───── Records for the task
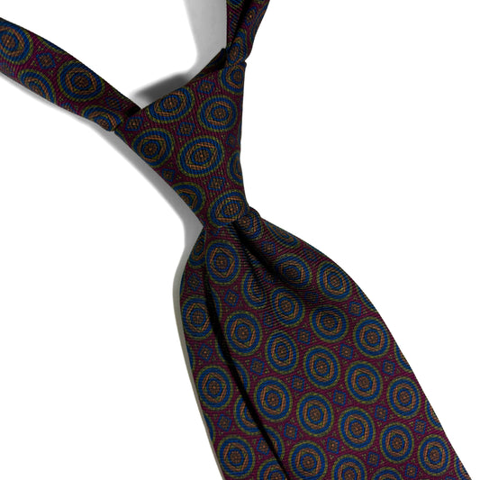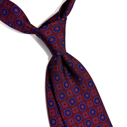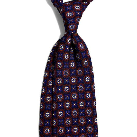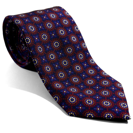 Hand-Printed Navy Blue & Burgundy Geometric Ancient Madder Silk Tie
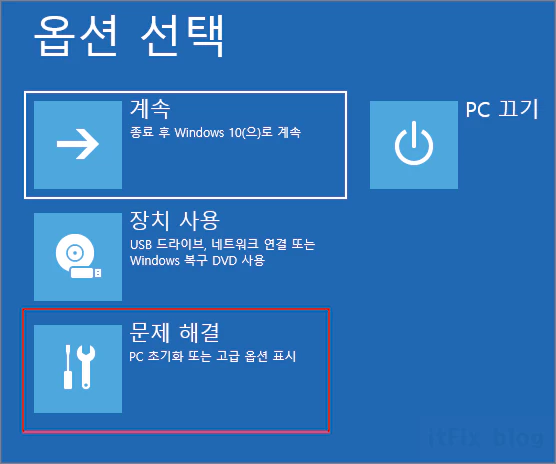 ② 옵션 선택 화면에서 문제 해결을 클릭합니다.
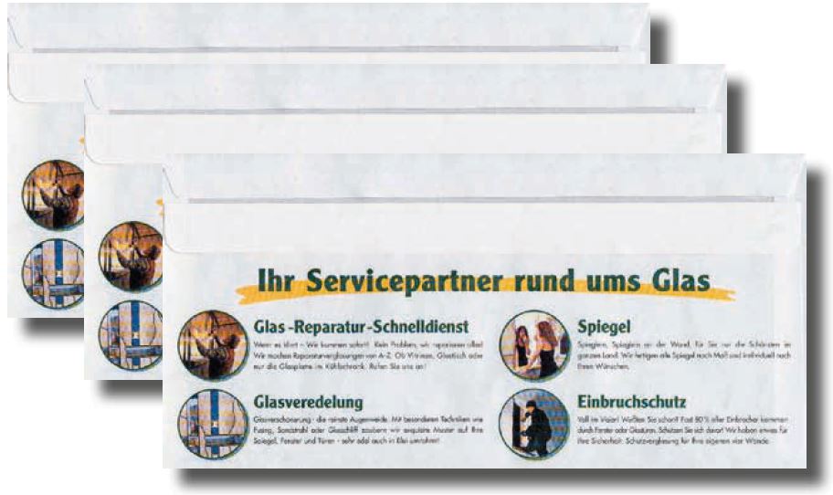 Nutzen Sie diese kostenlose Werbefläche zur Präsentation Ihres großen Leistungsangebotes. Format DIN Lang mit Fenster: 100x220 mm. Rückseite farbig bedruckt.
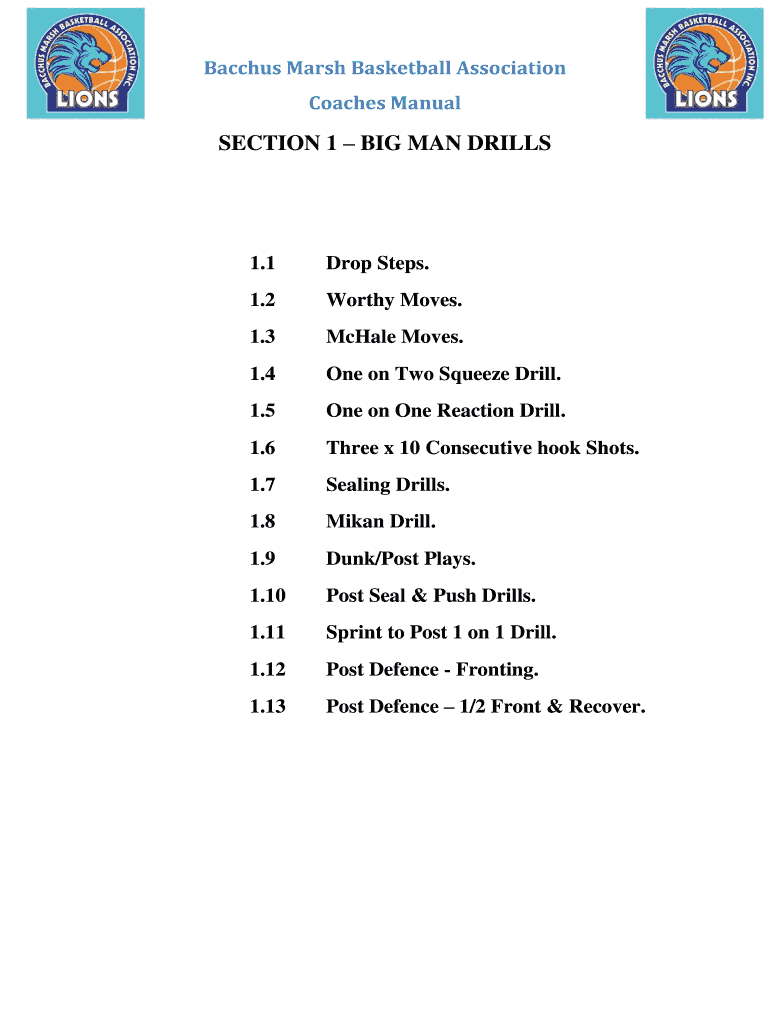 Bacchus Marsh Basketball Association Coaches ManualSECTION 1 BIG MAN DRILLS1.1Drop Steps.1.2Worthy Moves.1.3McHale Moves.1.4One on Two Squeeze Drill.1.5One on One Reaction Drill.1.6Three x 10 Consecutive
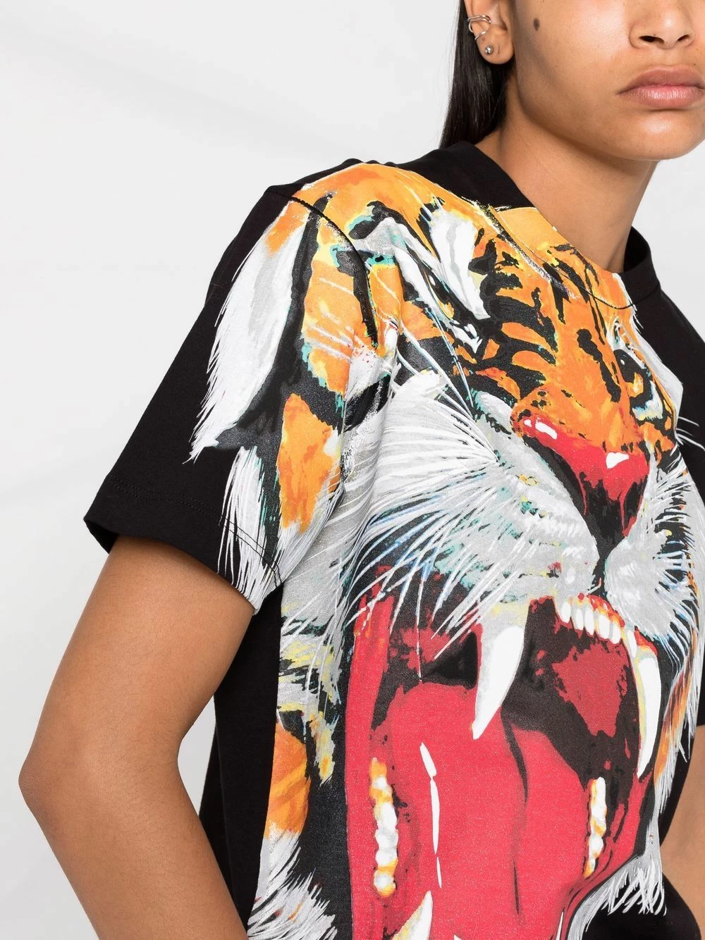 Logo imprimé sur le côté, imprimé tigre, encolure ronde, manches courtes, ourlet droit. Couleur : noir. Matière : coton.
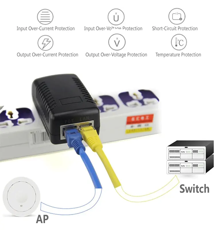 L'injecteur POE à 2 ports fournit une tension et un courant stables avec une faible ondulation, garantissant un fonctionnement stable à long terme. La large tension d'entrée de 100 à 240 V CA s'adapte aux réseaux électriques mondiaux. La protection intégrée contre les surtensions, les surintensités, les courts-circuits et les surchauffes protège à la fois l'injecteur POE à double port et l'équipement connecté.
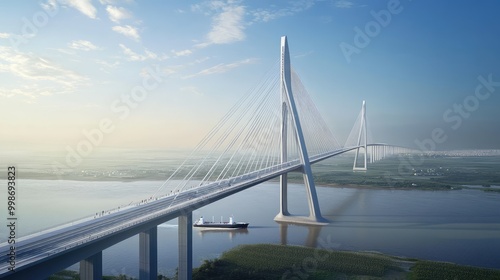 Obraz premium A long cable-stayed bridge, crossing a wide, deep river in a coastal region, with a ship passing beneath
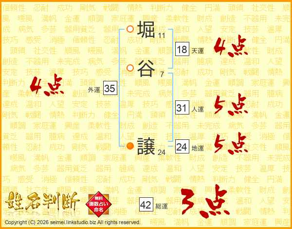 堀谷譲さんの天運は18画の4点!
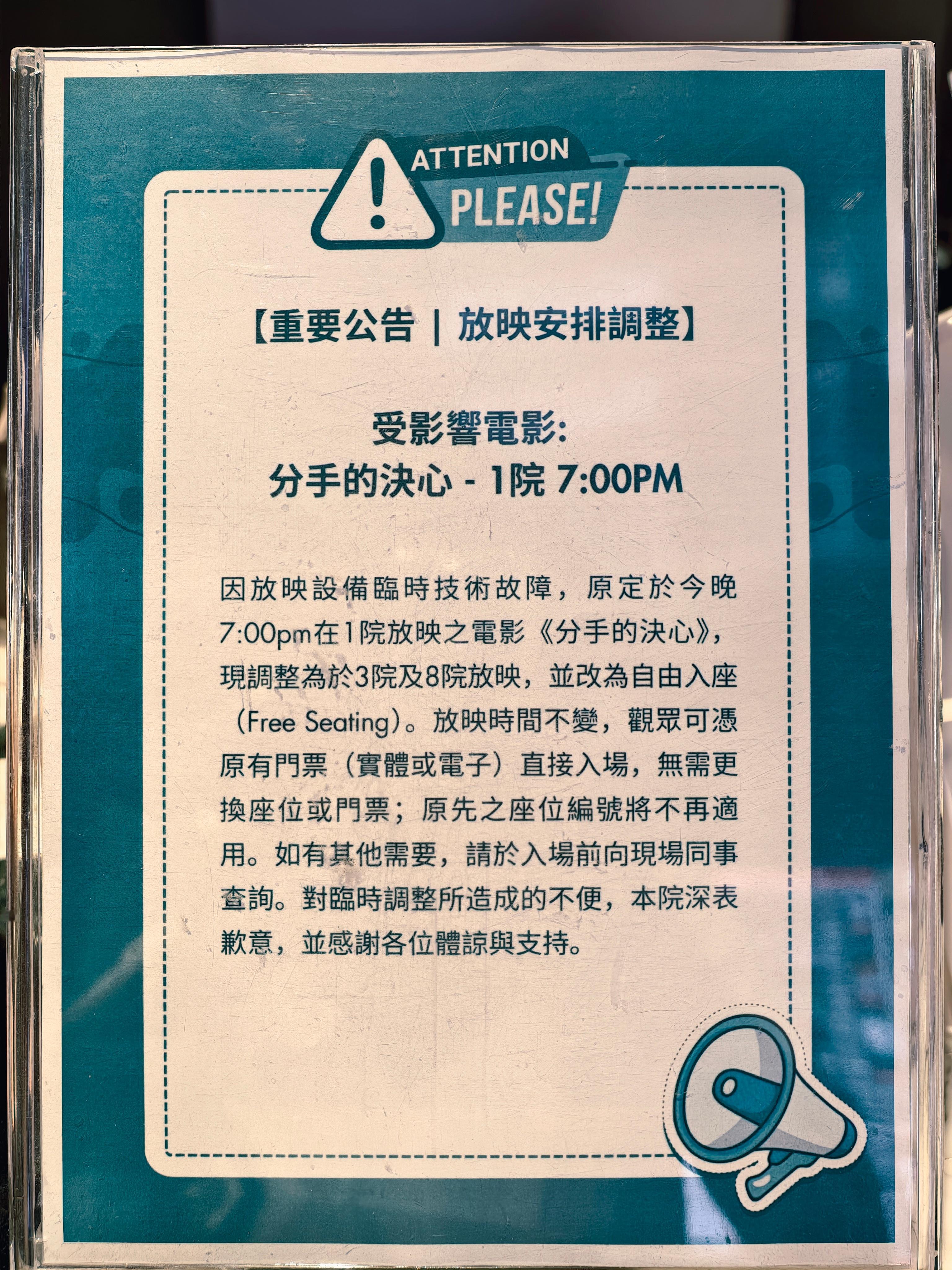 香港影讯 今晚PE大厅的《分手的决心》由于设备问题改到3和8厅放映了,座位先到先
──────────
Each line from the one holding "堀谷譲さんの天運は18画の4点!" through the last line of the records above must be duplicated exactly, and pictures must not be.

 堀谷譲さんの天運は18画の4点!
 香港影讯 今晚PE大厅的《分手的决心》由于设备问题改到3和8厅放映了,座位先到先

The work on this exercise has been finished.